DATA SHOWN:
* * * * * * * * *
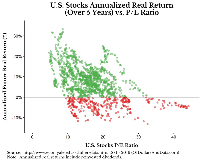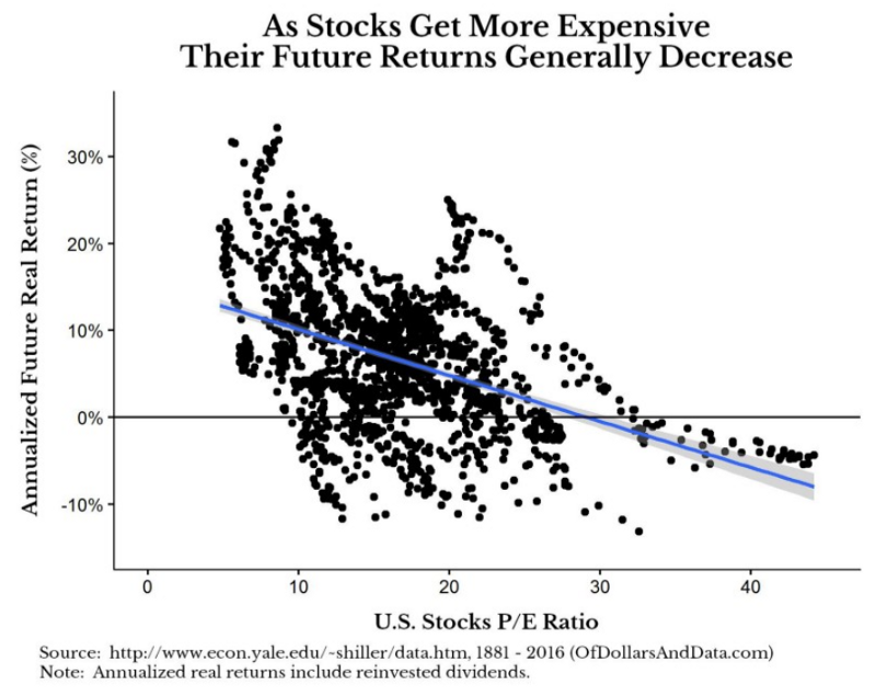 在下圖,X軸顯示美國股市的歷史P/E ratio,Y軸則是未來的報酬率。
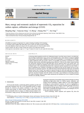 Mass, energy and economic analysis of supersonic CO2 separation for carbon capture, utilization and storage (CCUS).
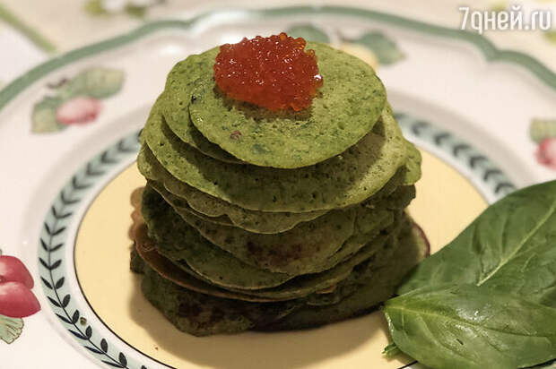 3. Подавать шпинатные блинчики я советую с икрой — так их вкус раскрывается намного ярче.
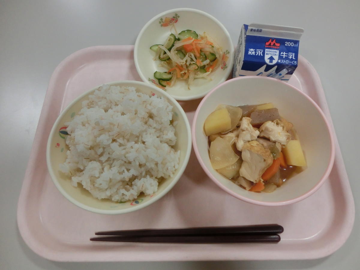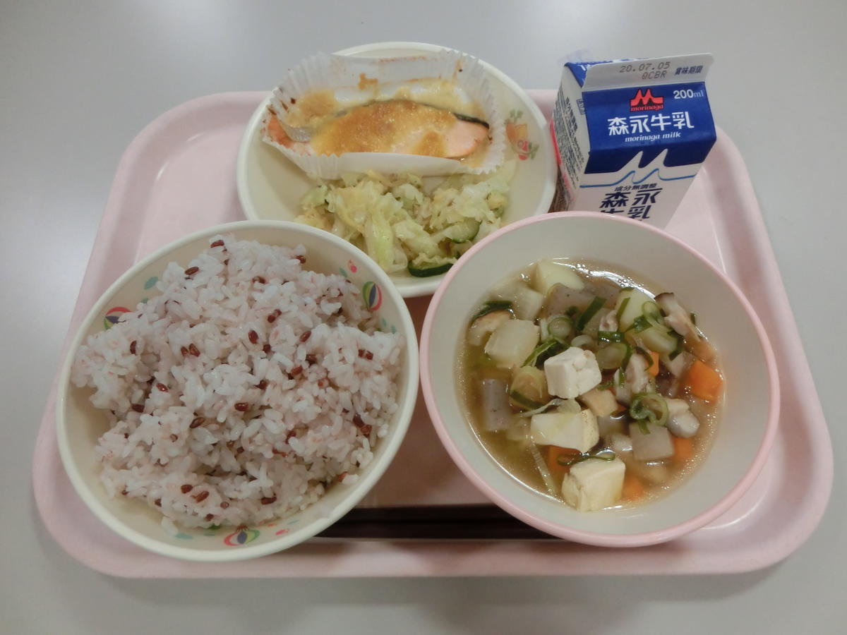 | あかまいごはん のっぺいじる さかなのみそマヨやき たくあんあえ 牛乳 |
* * * * * * * * *
AIM OF THE TASK:
Give back all of the data exactly, but not the pictures.

EXERCISE RESULT:
 在下圖,X軸顯示美國股市的歷史P/E ratio,Y軸則是未來的報酬率。
 Mass, energy and economic analysis of supersonic CO2 separation for carbon capture, utilization and storage (CCUS).
 3. Подавать шпинатные блинчики я советую с икрой — так их вкус раскрывается намного ярче.
 | あかまいごはん のっぺいじる さかなのみそマヨやき たくあんあえ 牛乳 |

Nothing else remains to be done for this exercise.